America Governs the World through Laws and Dreams

Millions? Billions? By launching its offensive on the world soccer giant, the American justice system will surely see fresh money going back into the Treasury once more – money potentially coming from said giant, FIFA, most likely from banks that laundered the money of corruption. The famous Department of Justice will again contribute to rebalancing American public finances. Over the past three years, judges from the United States have taken almost $140 billion from national and foreign banks (including $9 billion from French bank BNP Paribas). They alone seem to be able to make financiers foot the bill for their excesses, fraud and market hindrances.

The real American power is not a military one, as evidenced by events in the Middle East, where Washington makes do by intervening from 10,000 meters in the air. Its economic power does not come from shale gas or wage reductions (or at least not most of it), as a recent study by French think tank Fabrique de l’Industrie indicates. In reality, we must look elsewhere for the source of its power. The true American power is based on notions of legality and fantasy. Law and dreams.

Law first of all. Nothing surprising from a nation of legal practitioners. The country’s elite is made up of lawyers (Barack Obama is one of them) and is the source of countless jokes (“What is 10,000 lawyers chained up at the bottom of the sea?” – “A good start”). Lawsuits are omnipresent in American films, and there is even an entire TV channel devoted to the topic (truTV, picked up by 90 million households). Nothing surprising, except that the United States is now extending its laws beyond its own borders – in football and finance, but also tax law. The Foreign Account Tax Compliance Act has given the go-ahead for the automatic exchange of information between tax services from different countries in order to combat tax fraud. According to legal practitioners, the extraterritoriality of United States law is on the rise. And America is affirming its new power, which often manifests itself in the form of threats toward banks (“If you don’t cooperate, you will no longer have the right to work in the United States, or even in dollars”). However, it also uses other means, such as access to digital data granted by the Patriot Act and its younger brother, the Freedom Act, which is currently being debated in Congress. Essentially, they are pulling out all the stops.

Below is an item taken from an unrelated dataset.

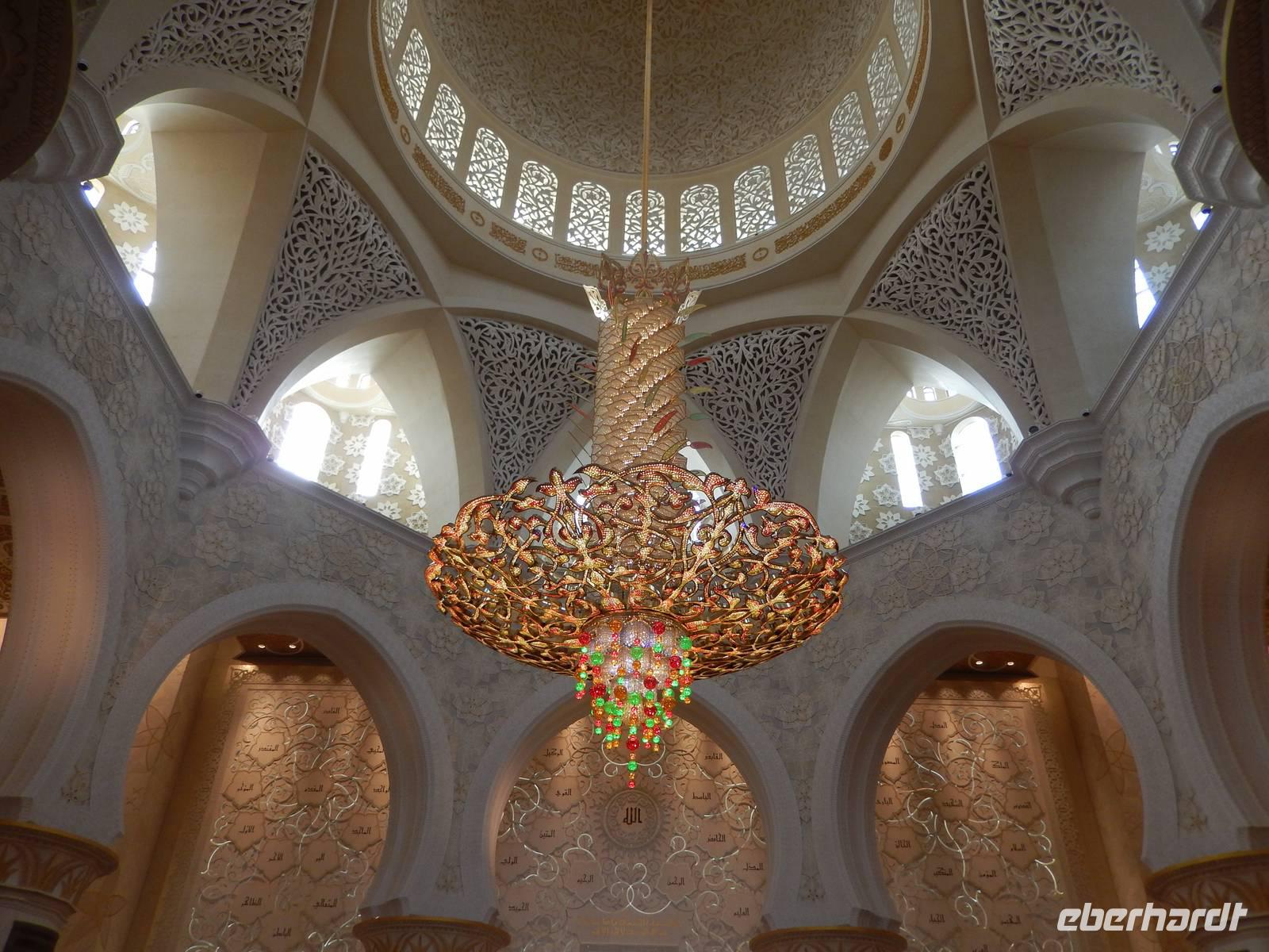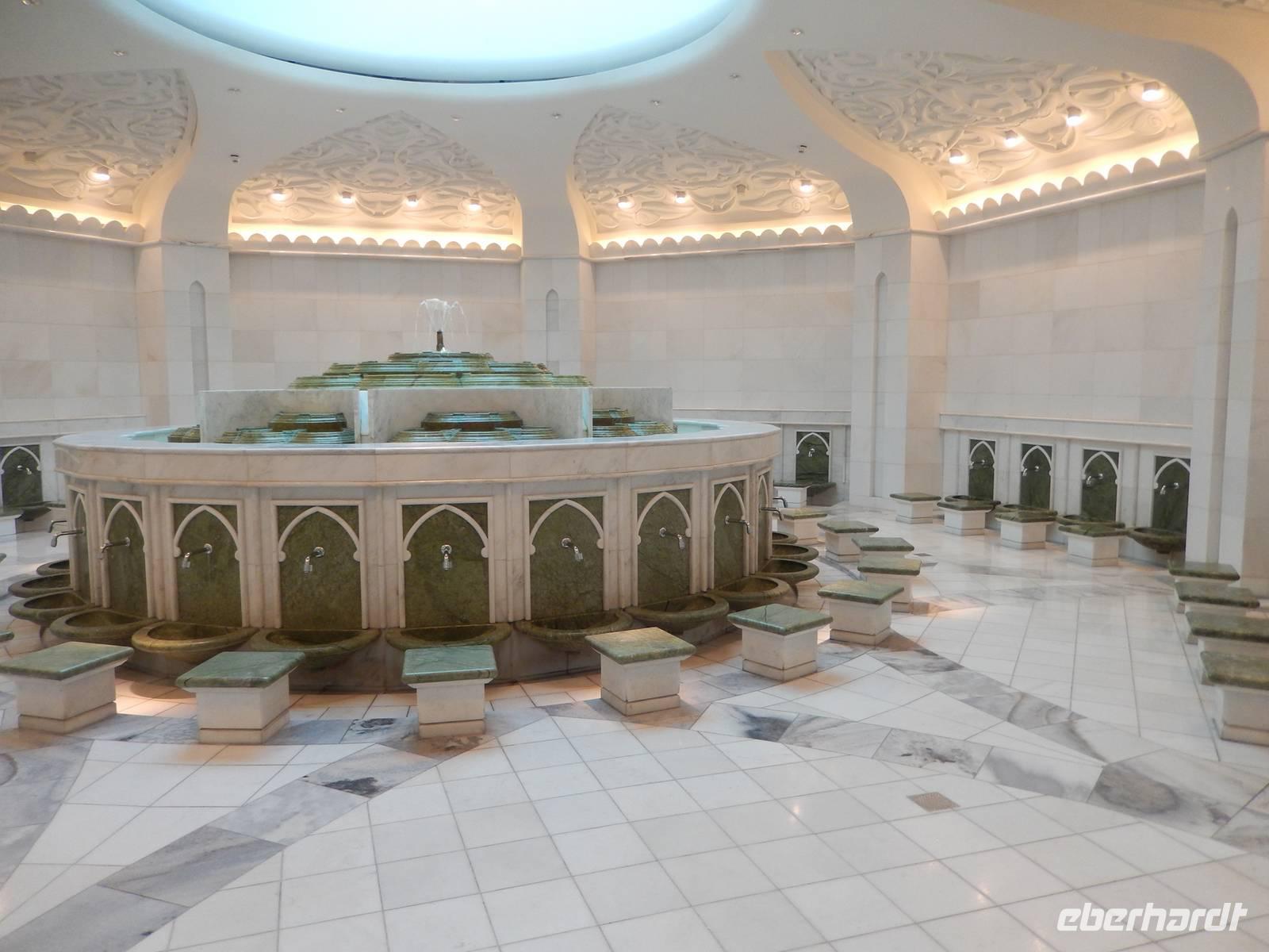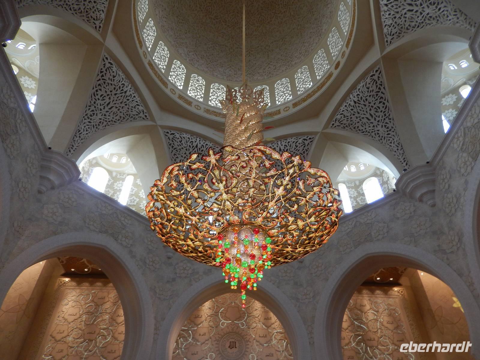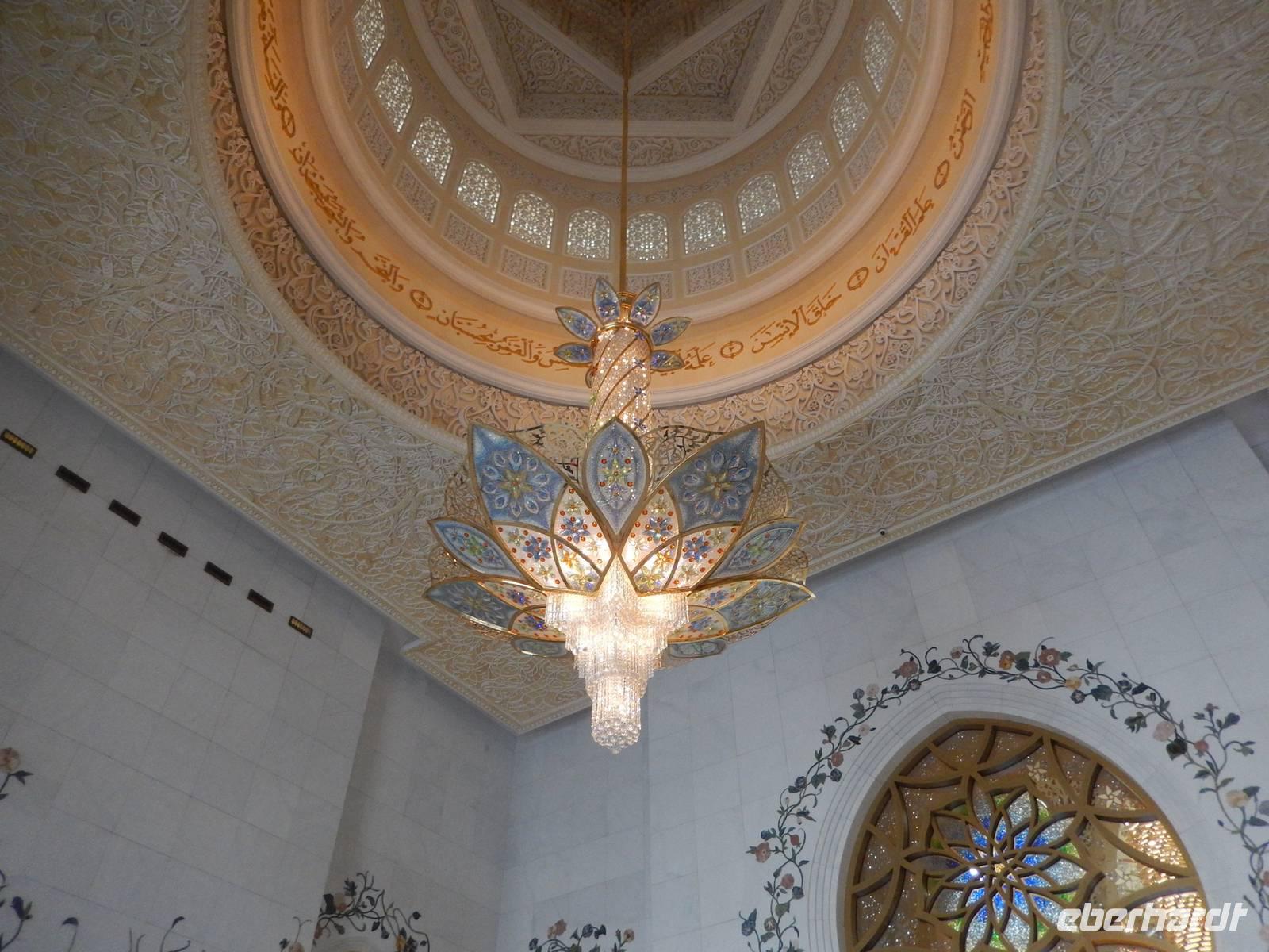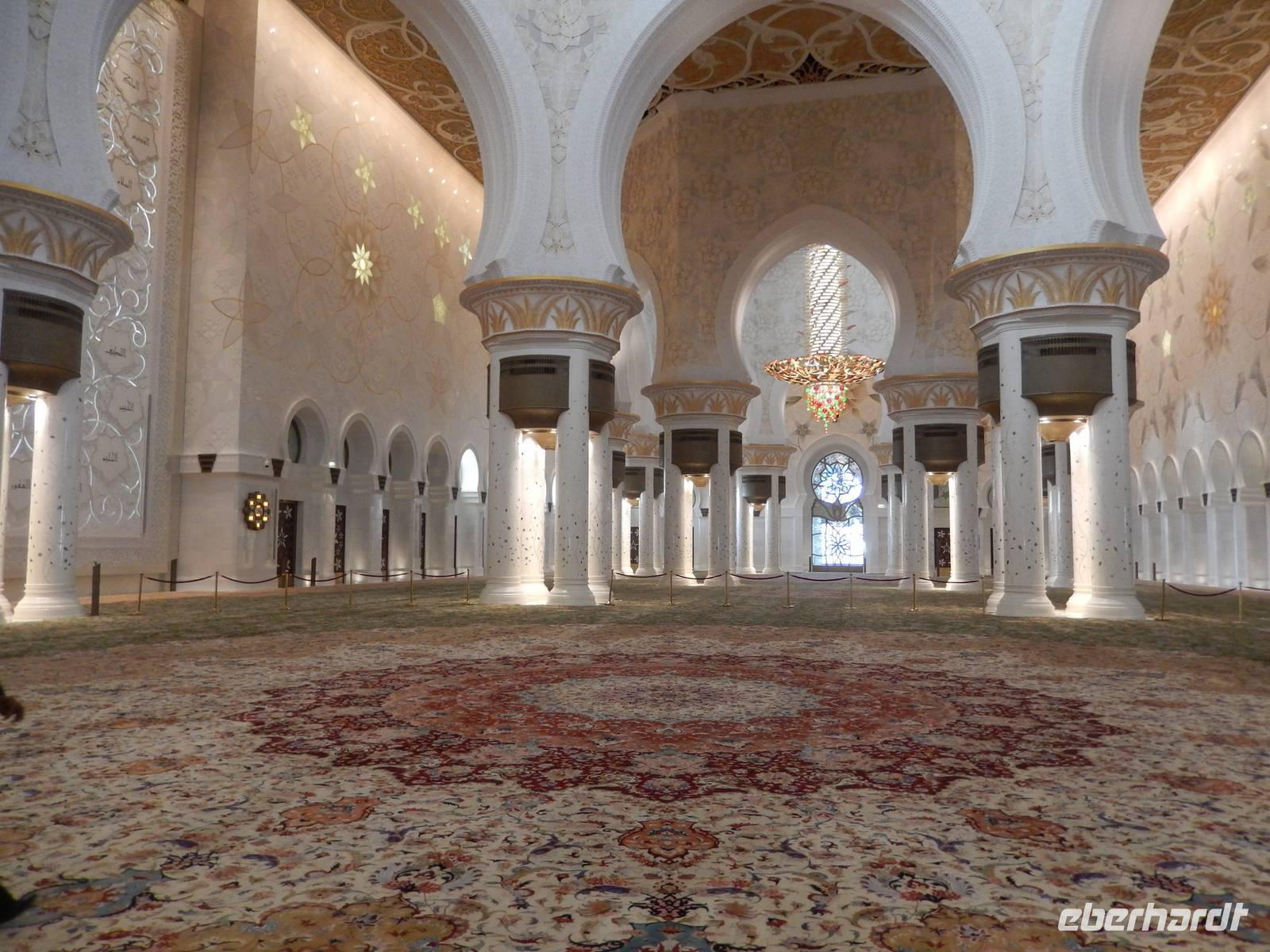 Heute reisen wir nach Abu Dhabi-Stadt, Hauptstadt und Regierungssitz der Vereinigten Arabischen Emirate. Abu Dhabi bedeckt eine flache Sandinsel, die mit dem Festland durch zwei Brücken verbunden ist. Uns fällt auf, dass hier vor allem üppige Grünflächen das Stadtbild prägen. Bevor wir aber in die Stadt hinein fahren, besuchen wir die Falkenklinik von Frau Dr. Müller und erleben eine ereignisreiche Führung mit Live Darbietungen. Am Arabischen Golf genießen die Falken eine ganz besondere Aufmerksamkeit. Wir sehen hier hautnah, wie einem Falken die Krallen geschnitten werden oder wie man deren Gedieder repariert. Auch dürfen wir selbst den Falken auf den Arm nehmen und schöne Fotos schießen. Ein wirkliches Erlebnis. Danach reisen wir weiter nach Yas Island. Ein 40 Milliarden teures Projekt entsteht hier auf der 25 Quadratkilometer großen Insel Yas mit einer Küstenlänge von 32 Kilometern bei Abu Dhabi Stadt. Hier sehen wir Abu Dhabis berühmte und spektakuläre Formel-1-Rennstrecke, die unter einer Brücke zwischen zwei Flügeln des Viceroy-Hotels verläuft. Daneben sehen wir zahlreiche Hotels, den Jachthafen, den Ferrari-Themenpark, den Warner Bros.-Themenpark sowie einen Wasserpark. Wieder fragen wir uns, wer diese Freizeitmöglichkeiten nutzen soll, denn auf Yas Island sahen wir so gut wie keine Menschenseele. Anschließend reisen wir weiter zum Heritage Village und zu einem Aussichtspunkt und sehen die beeindruckende Skyline von Abu Dhabi. Wir spüren das hier Alt und Neu ganz nah beieinander liegen.Danach konnten wir es kaum erwarten zum märchenhaften Luxushotel Emirates Palace zu kommen. Schon von Weitem staunen wir über das mächtige Anwesen und fühlen uns auf einmal ganz klein. Ein Eingangstor wie eine altarabische Zugbrücke, Springbrunnen und Freitreppen wie in einem französischen Schloss. Der Hotelpalast wird gekrönt von 114 Kuppeln und blattvergoldeten Fluren. Es wirkt wie eine Mischung aus Hagia Sophia und Tadsch Mahal, gleichermaßen großartig wie entrückt. Elegant und stilvoll. Bevor wir zu unserer Tesstunde mit allerlei Köstlichkeiten eingeladen sind, schauen wir uns noch ein wenig um. Schon etwas hungrig machten wir uns anschließend auf zu unserer Teestunde. Hier bekamen wir viel mehr serviert, als wir essen konnten. Leckere Törtchen mit ausgelesenen Früchten, hausgemachte Butter und Marmelade sowie köstliche Häppchen mit Lachs und anderen Spezialitäten. Dazu wurde uns ständig frisch gebrühter Kaffee oder Tee gereicht. Ein bisschen fühlten wir uns schon wie kleine Stars. So genossen wir unseren "High Tee" und hofften, dass die Zeit nicht all zu schnell vergeht. Danach geht es weiter zur Moschee. Es dauert nicht lang und und vor unseren Augen erhebt sich unübersehbar die mächtige Sheikh-Zayed-Moschee. Wir staunen über die drei riesigen Kuppeln, 79 kleinere Kuppeln, vier hohe Minarette sowie über die zahlreichen Nebengebäude und Arkaden. Die größte Moschee der Vereinigten Arabischen Emirate bietet Platz für 1000 Gläubige. Im Inneren bedeckt ein 5600 Quadratmeter großer und 47 Tonnen schwerer Teppich den Boden. So gehen wir hinein um uns selbst von dem prächtigen Bauwerk zu überzeugen. Natürlich gehört es dazu, dass wir alle unsere Schuhe ausziehen. Anja erklärte uns viel Wissenwertes über den Islam und seine Bräuche, welche wir in der Moschee schnell wiederfanden.

Next, dreams. America invents the future, or a possible future, then it sells that promise to investors. At the end of the 1980s, foreigners bought into American cinema. Japan’s Sony acquired Columbia, and Italian businessman Giancarlo Parretti purchased MGM Studios (with the backing of French bank Crédit Lyonnais). Billions of dollars in losses followed in subsequent years. At the end of the 1990s, the Internet frenzy took hold at a time when a company that added “.com” to its name would take 10 percent on the stock exchange. This frenzy led to a considerable wave of mergers and acquisitions – high-tech companies at the time having unlimited money through increasing their capital or by borrowing. Late to the market, European firms bought lame ducks at a high price. The return to reality was brutal. Enormous losses were sustained. The bill was tens if not hundreds of billions of dollars. In accounting, the transactions did not yield a return. In other words, Europe gave huge sums of money to America, simply for getting a whiff of its dream.

The same story repeated itself at the end of the 2000s, but on a larger scale. After the cinema and the Internet came finance. Little Wall Street geniuses invented financial products by combining mortgages: a wonderful invention, as these “securitized” products bring in a lot of money with no associated risks – tens of thousands of them were given AAA status. Many European banks, late to the game, bought more complex products. When the American housing bubble burst, the first banks that failed from 2007 onward, after the number two of the “subprime” loans to the United States (the good called “New Century Financial”), were two German banks… surprise, surprise! Once again, the financial crisis saw net transfers of hundreds of billions of dollars from the Old Continent to the New World. The asymmetry is to be found in the frankly fraudulent products. Unlike the United States, in Europe several banks lost hundreds of millions in the Madoff scandal, even though they were warned from the outset by their New York teams.

Yet, America isn’t done with its dreams. It is again at the forefront of a new chapter, a behavioral revolution. In this terrific lifestyle transformation, where we rent cars rather than buying them, where our home becomes both an office and a hotel, where education is made to measure, where health is protected by big data, American companies are calling the shots. Their strength here does not come from technology as much as their ability to invent, their freedom to dream and then to test those dreams. “Dieu et mon droit” (God and my right) is the motto of the British monarchy. “Le rêve et mon droit” (the dream and my right) could be the motto of the United States.